Reasonable enough as well, right? So let’s put these 3 algorithms to test.

For every shuffling algorithm I will have an unordered deck of cards ({1,2,3,4}) that I will shuffle and store the rank. I will do this 100k times and I will keep track of how many times each rank has appeared for every algorithm.

If the algorithms provide real random permutations we would expect to see each rank to be equally likely.

Results

(Click to enlarge) shuffling

We observe that both Shuffle 1 and Shuffle 2 provide a uniform distribution of every possible permutation. But Shuffle 3 is definitely favoring some permutations over others. What is happening here?

Analysis

Let’s put all 3 together here for easier reference.

for i = 1 to n do a[i] = i
for i = 1 to n-1 do swap[a[i],a[Random[i,n]]
for i = 1 to n do a[i] = i
for i = n to 1 do swap[a[i],a[random[1,i]]
for i = 1 to n do a[i] = i
for i = 1 to n-1 do swap[a[i],a[Random[1,n]]

As we can see the variations are minimal.

In Shuffle 1 we traverse through the array. At every point we find a random index between the current index and the end of the array, and swap the current element with the element in the random index.

In Shuffle 2 we traverse through the array in reversed order. At every point we find a random index between the beginning of the array and the current index, and swap the current element with the element in the random index.

We can already see these 2 implementations are equivalent.

In Shuffle 3 we swap the current element with a random element selected from the whole array. Strangely, this solution seems more random since each element can be swapped multiple times. But we already see that it won’t provide a truly random permutation. Why? And why do Shuffle 1 and Shuffle 2 work?

Jeff Atwood explains it beautifully in his article “The danger of naivete” [3].

Let’s say we have a 3 card deck. Shuffle 3 will do 3 shuffles: rand(3), rand(3), and rand(3). For a total of 3^3=27 possible outputs. Strange, since in 3 cards we only have 3! = 6 possible permutations. On the other hand shuffles 1 and 2 will do 2 shuffles: rand(3) and rand(2), for a total of 3*2 = 6 possible outputs. So far what we would expect!

Let’s see what the outputs for Shuffling 3 are:

shuffling tree

If we count each occurrence we have: permutation count

So we see clearly that with “Shuffle 3” each possible output won’t be equally likely. Therefore, this is not a suitable algorithm to shuffle or generate random permutations.

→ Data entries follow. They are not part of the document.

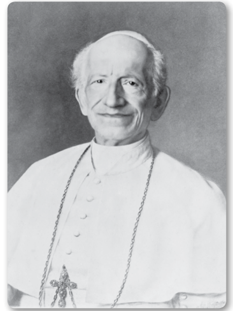
Léon XIII, pape de 1878 à 1903

Partant du principe fondamental que la société civile a Dieu pour auteur, Léon XIII en tire logiquement la conséquence qu'elle doit rendre un culte à Dieu. Mais parce que Dieu s'est révélé, et qu'il a précisé de quelle manière il voulait être honoré, ce culte que la société civile a le devoir de rendre n'est pas laissé au libre choix des souverains, il passe par l'Église ca-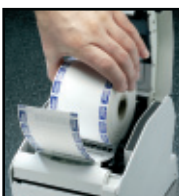
„Drop-In & Print“ Einfache Papierhandhabung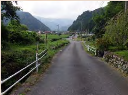
H29年10月末工事着手前状況

本工事はウラの沢砂防堰堤からの流水、土砂を安全に安倍川に流下させるための流路工工事です。昨年度に引き続き、既設の水路に替えて、流れる断面を大きく造り直しています。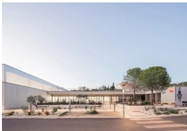
Le béton brut de décoffrage donne une unité à l'ensemble du bâtiment qui se déploie en U autour de l'esplanade.

Imaginé par Panorama Architecture, le pôle sportif universitaire, par sa géométrie simple et sa matérialité sobre affirmées par le béton, trouve sa place dans l'histoire du fort.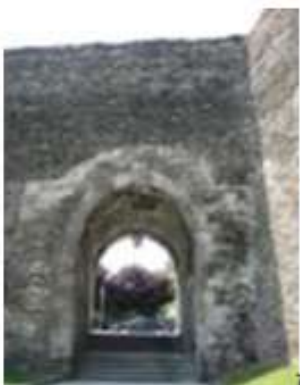
Rzymskie mury obronne w Lugo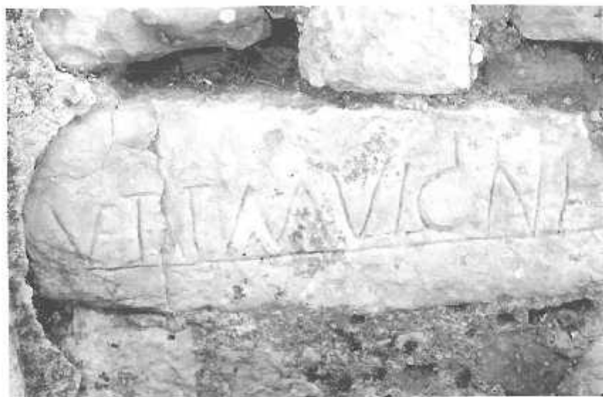
Foto 2 - O bloco epigrafado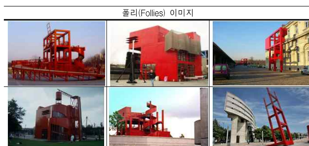
<표 5> 라 빌레트 공원(Park de la Villette paris, Bernard Tschumi, 1987-91)

즉, 주체로서의 사용자의 개념은 경험의 복합성과 시간성을 바탕으로 시시때때 일어나는 예측 가능한 혹은, 예측 불가능한 사건들 속에서 공간의 주체로 생성되어 새로운 공간을 구축하는 행위의 주체로서 확장되기 시작했다.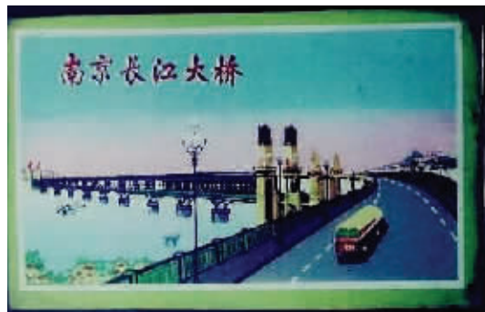
图3 “南京长江大桥”挂镜

随着改革开放的发展,生活水平的提高,人们的居住条件得到了改善,从土木结构的平房,搬进了钢筋水泥结构的楼房,小小的玻璃镜与宽敞高大的房间不协调,被大尺寸的水银镜或大幅的风景画所替代。上世纪80年代中期,玻璃镜逐渐退出历史舞台。但对经历过那个时代的人来讲,玻璃镜是其美好的记忆,一面玻璃镜,就是一段故事,就是一个承载回忆的历史见证。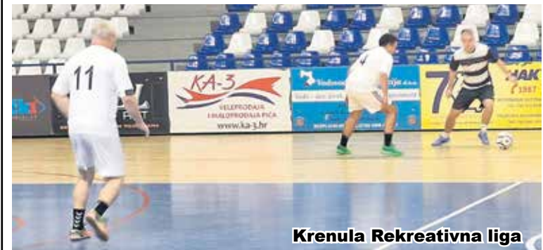
Krenula Rekreativna liga

Prošli tjedan je u Sportskoj dvorani na Rakovcu počela 7. Rekreativna malonogometna liga u kojoj sudjeluje trinaest momčadi. Proteklog tjedna odigrani su susreti prvog kola, a postignuti su sljedeći rezultati: Hitna medicina - VACON 1:0, SD HEP Karlovac - GE VERNOVA 1:1, Ceste Karlovac - Tvornica plinskih turbina 2:3, Heineken Hrvatska - Udruga trenera Nogometnog saveza Karlovačke županije 0:8, Karlovačka banka - SU Veleučilište Karlovac 2:2 i TTK Karlovac - Policijska uprava karlovačka 0:4. U prvom kolu slobodna je bila Inženjerijska pukovnija. (b.o.)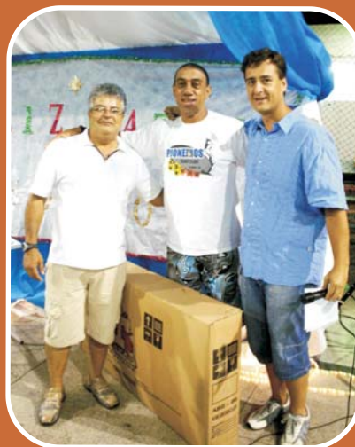
Premiação da bicicleta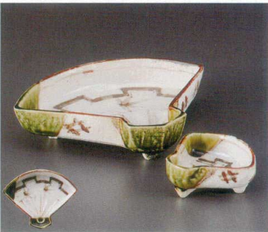
01005-121 織部扇面向付 7,700円 (18×15×5cm) 01006-121 織部扇面千代口 2,300円 (8.5×7.5×3.5cm)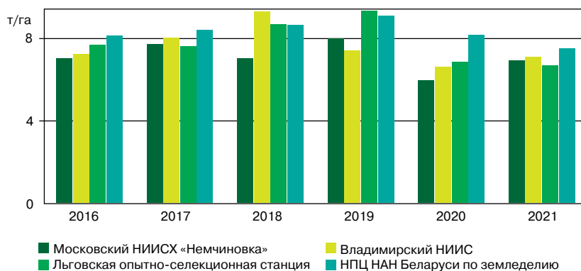
Fig. 1. Crop capacity of winter wheat varieties of different selection centres obtained in the experimental field of the Bryansk State Agricultural University, t/ha

В регионе отмечаются проявления сухой осени. Постоянное снижение гидротермического коэффициента в период сева и осенней вегетации указывает на наличие очень сильных, сильных и средних засух. Для Брянской области риск сильных атмосферных засух составляет в мае 12%, в августе — 20%, в сентябре — 16%. Экстремальные климатических составляющие сказываются на дифференциации урожая и на качестве зерна пшеницы.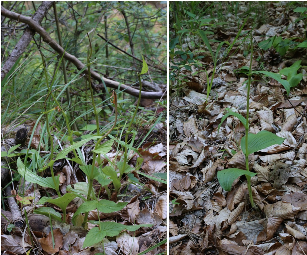
Изядени от охлюви (или насекоми) растения. Девинска планина, 07.2016 г.

Fisher-Yates/Knuth Shuffle

“Shuffle 1” and “Shuffle 2” are an implementation of what is known as Fisher-Yates[4] or Knuth (Algorithm P)[5] Shuffle.

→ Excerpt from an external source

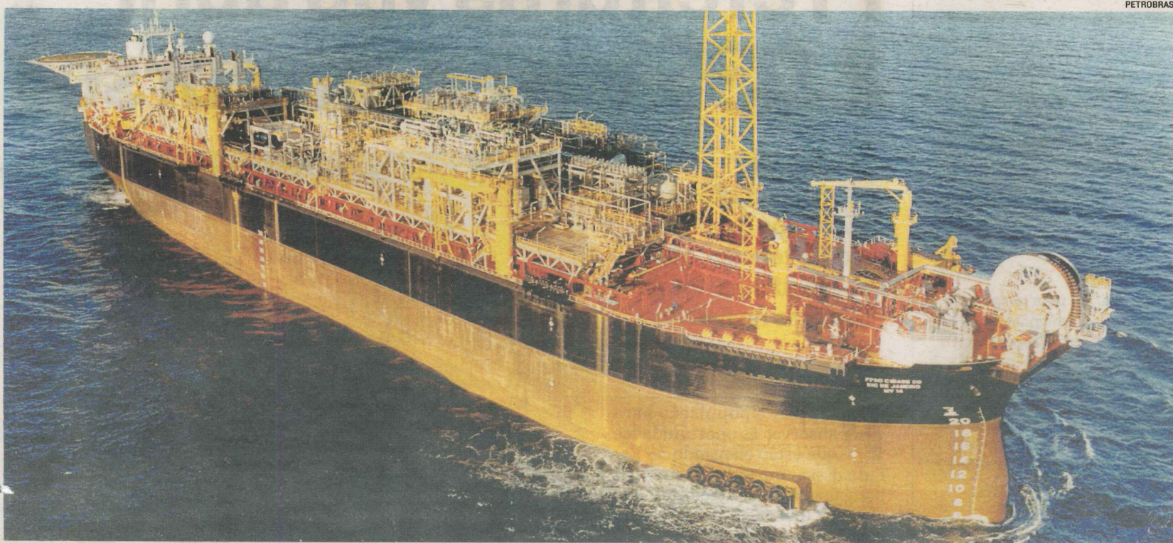
PLATAFORMA DE PETRÓLEO: o setor é um dos que tem maior representatividade entre os megaprojetos destinados ao Espírito Santo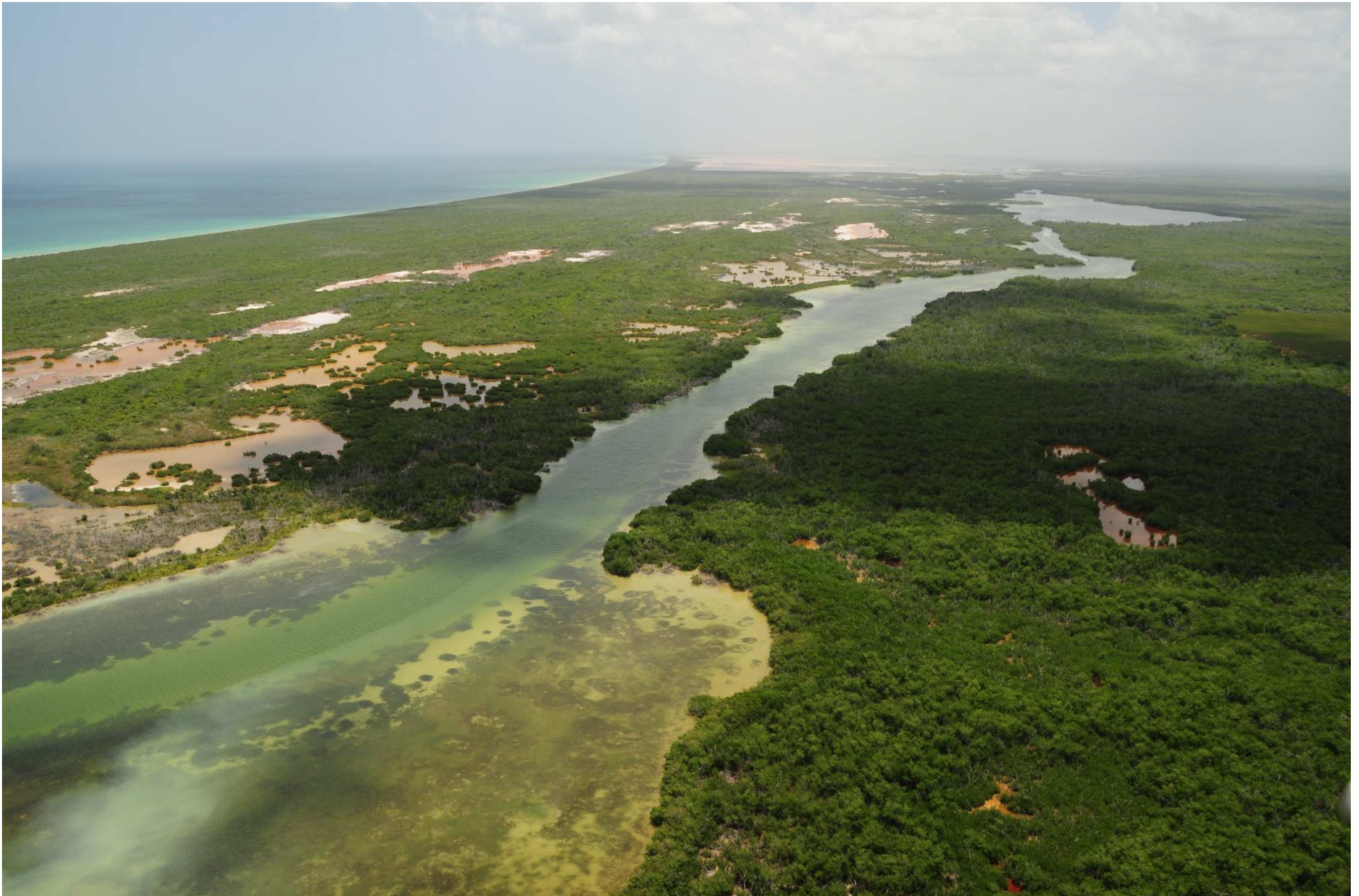
Fig. 3. Manglares de Ría Lagartos (Punta Holchit), Yucatán. Fotografía aérea panorámica.

Originally developed as a manual method in the 30’s by Fisher and Yates, with time complexity O(n^2). The above implementations reduce it’s complexity to O(n), by swapping the selected elements and reducing the random index range at every iteration.

Doing a similar analysis as the one showed above would yield the following possible outputs, each one with a count of 1:

{1,2,3},{1,3,2},{2,1,3},{2,3,1},{3,1,2},{3,2,1}

Which is exactly what we want from a random shuffle.

Takeaway

We have seen that minimal changes in the implementation of an algorithm can yield results with undesirable random properties. The difference is subtle, easy to miss, and it’s not evident which implementations are correct and which are not. It’s better to stick with standard libraries when dealing with problems that require truly random results.

References

[1] Steven S. Skiena. 2008. The Algorithm Design Manual (2nd ed.). Springer Publishing Company, Incorporated.

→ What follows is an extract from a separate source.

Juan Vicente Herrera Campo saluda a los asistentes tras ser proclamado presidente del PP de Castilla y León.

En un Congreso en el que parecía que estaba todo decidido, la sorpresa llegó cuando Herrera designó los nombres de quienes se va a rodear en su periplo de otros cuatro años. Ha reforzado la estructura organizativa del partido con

[2] https://stackoverflow.com/questions/39839119/rank-of-a-permutation

[3] https://blog.codinghorror.com/the-danger-of-naivete/

[4] https://en.wikipedia.org/wiki/Fisher–Yates_shuffle

[5] Donald E. Knuth. 1997. The Art of Computer Programming, Volume 2 (3rd Ed.): Seminumerical Algorithms. Addison-Wesley Longman Publishing Co., Inc., Boston, MA, USA.